Après deux hivers gâchés par le Covid-19, les stations alpines françaises attendent beaucoup de la nouvelle saison de ski, qui débute ces prochains jours. Elles l'espèrent prometteuse malgré la contrainte du masque dans les remontées mécaniques.
À en croire les exploitants, les skieurs, français ou étrangers, sont impatients de retourner dévaler les pistes. D'autant qu'une belle couche de neige est tombée début novembre sur les Alpes, où les premières ouvertures de stations sont prévues mi-novembre.
Et bien que la pandémie de Covid-19 regagne du terrain, l'horizon s'est éclairci en matière de protocole sanitaire : après des semaines d'hésitation, le Premier ministre Jean Castex a dévoilé, samedi 6 novembre, un dispositif prévoyant le seul port du masque dans les files d'attente et télécabines. Le pass sanitaire ne deviendra obligatoire qu'en cas de dégradation sanitaire.
Ce dispositif est similaire à celui mis en place en Suisse. L'Italie voisine a, pour sa part, choisi d'imposer d'emblée le masque et le pass sanitaire. En Autriche, seules les personnes vaccinées ou guéries pourront emprunter les remontées mécaniques.
D'importantes réservations
La décision du gouvernement français ne lève pas toutes les incertitudes, notamment celles pesant sur la conformité aux normes européennes du pass sanitaire des Britanniques (un quart de la clientèle étrangère en France). Mais elle permet de se projeter dans la durée, se félicitent les acteurs du secteur qui avaient très mal vécu la fermeture des remontées mécaniques tout l'hiver dernier.
"C'est une bonne nouvelle pour la montagne. Aujourd'hui, on va pouvoir ouvrir nos stations dans la globalité", résume Jean-Marc Silva, directeur de l'association France Montagnes, qui fédère les professionnels français du tourisme de montagne.
On sent une envie de se faire plaisir.
Eric Bouchet, directeur de l'office de tourisme des 2 Alpes.
Les derniers chiffres de réservations compilés par le cabinet spécialisé G2A remontent à début octobre mais inspirent "confiance" à ce stade, explique-t-il. Ils montrent un recul de 7 % par rapport à 2019/2020, saison qui s'annonçait "exceptionnelle" avant d'être brutalement interrompue par la pandémie.
Mais ce retard est désormais "en train d'être rattrapé" grâce aux images de neige fraîchement tombée et aux annonces du gouvernement, souligne Jean-Marc Silva.
Eric Bouchet, directeur de l'office de tourisme de la station des 2 Alpes, ouverte pendant les vacances de la Toussaint, est du même avis : "Ça se passe bien, les gens sont très calmes et portent le masque dans les remontées mécaniques". Côté réservations, "on sent une envie de se faire plaisir avec des gens qui prennent des 'paniers moyens' en légère augmentation", explique-t-il.
"Attentes sociétales"
L'enjeu de cette saison est considérable pour la France, qui figure juste derrière les États-Unis et l'Autriche sur le podium des destinations de ski les plus prisées au monde, avec quelque 50 millions de journées-skieurs chacun. "C'est dans un mouchoir de poche, la concurrence va être très vive", note Jean-Marc Silva.

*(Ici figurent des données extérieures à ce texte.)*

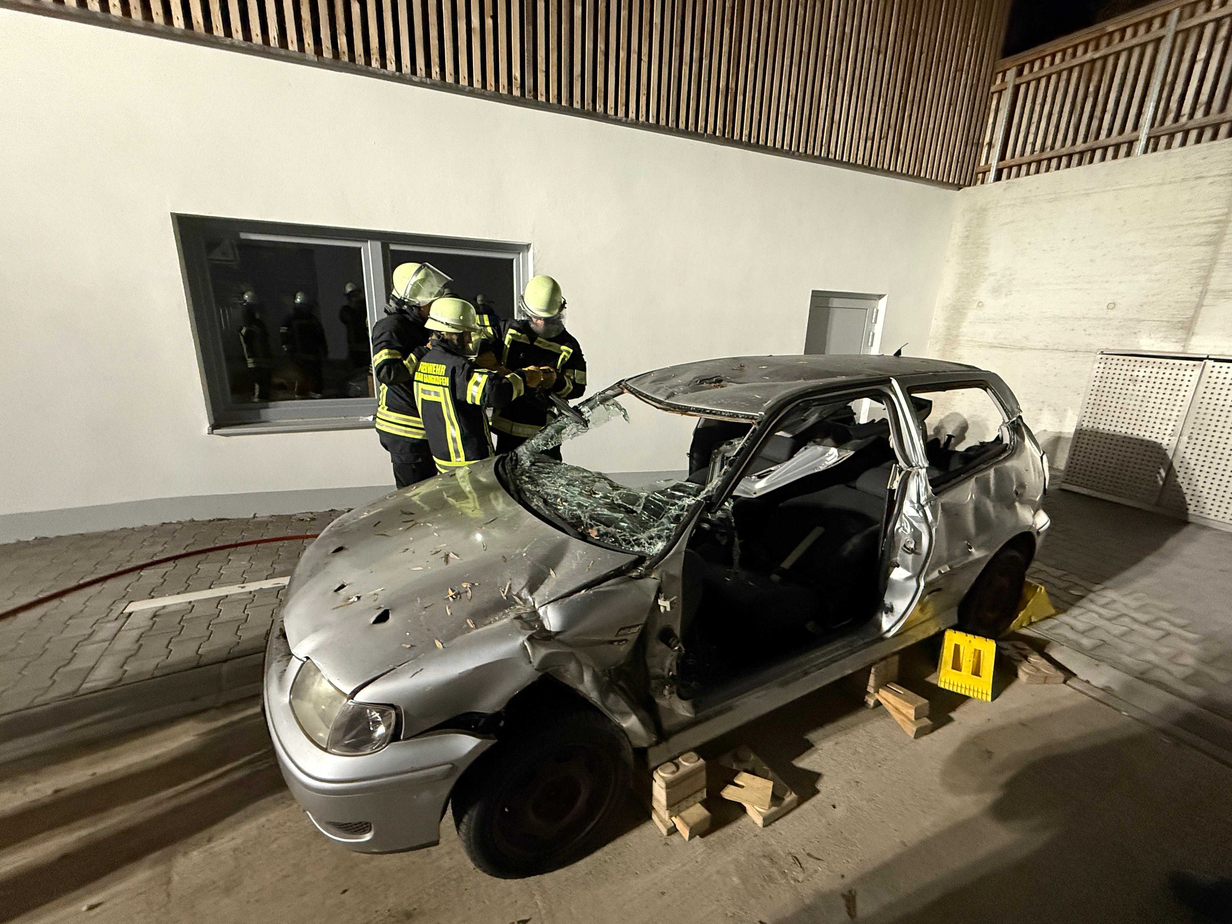 Bei den letzten beiden Übungen ging es um die Technische Hilfeleistung bei einem Verkehrsunfall mit eingeklemmter Person.
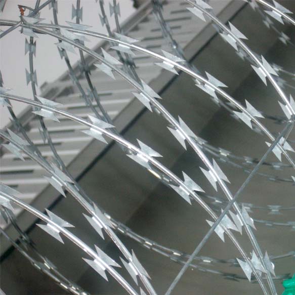 監獄防逃脫隔離網[防爬網]又稱作監獄安全防御網,監獄防逃脫隔離網的刀片刺網主要是由:熱鍍鋅鋼板或不銹鋼薄板沖壓而成的,它是擁有尖銳的刀片,高張力鍍鋅鋼絲或者不銹鋼絲做芯線組合而成的產品。由于刺網的形狀很特別,而且每個角度都有尖狀刀片,因而能達到極好的防御保護效果。產品具有結構新穎、堅固緊密、網面平整、網孔均勻、刀鋒銳利、防攀爬、抗腐蝕性強等特點。建設于監獄的內外墻地面及高墻之上,網墻內側或頂部加裝蛇腹形刀刺網,形成一道高不可攀、難以逾越的隔離障礙。

Selon le consultant spécialisé Laurent Vanat, les pays alpins européens captent à eux seuls 43 % du nombre mondial de skieurs, alors qu'ils ne représentent que 16 % du total de pratiquants. "Aucune autre région n'a une proportion aussi élevée de visiteurs étrangers", relève-t-il dans un rapport.
Pour ne rien laisser au hasard, l'industrie, assistée de l'agence de développement touristique Atout France, a lancé une vaste campagne de communication s'adressant à la fois aux clients européens et aux Français, une nouveauté.
Côté domestique, la campagne surfe sur l'appétence du public pour les thèmes liés à la nature, la santé ou les circuits courts, mis au goût du jour par la crise sanitaire : "Je pense que les valeurs intrinsèques de la montagne aujourd'hui correspondent aux attentes sociétales", souligne le directeur de l'association France Montagnes.
Le manque de saisonniers, toujours un problème
Attirer plus de Français permettrait de compenser l'absence partielle des skieurs étrangers (28 % en moyenne du total en temps normal), qui pourrait durer encore trois ans, selon la profession. Les Chinois et les Russes notamment manquent toujours à l'appel.
Le manque de travailleurs saisonniers préoccupe également les exploitants. Certains, n'ayant pas pu travailler l'hiver dernier, "se sont reconvertis dans d'autres destinations ou projets professionnels. C'est une vraie perte de gens formés par la station", regrette Eric Bouchet, le directeur de l'office de tourisme des 2 Alpes.
"C'est un challenge de plus. Nous avons encore un peu de temps avant Noël, mais c'est un vrai sujet", concède Jean-Marc Silva.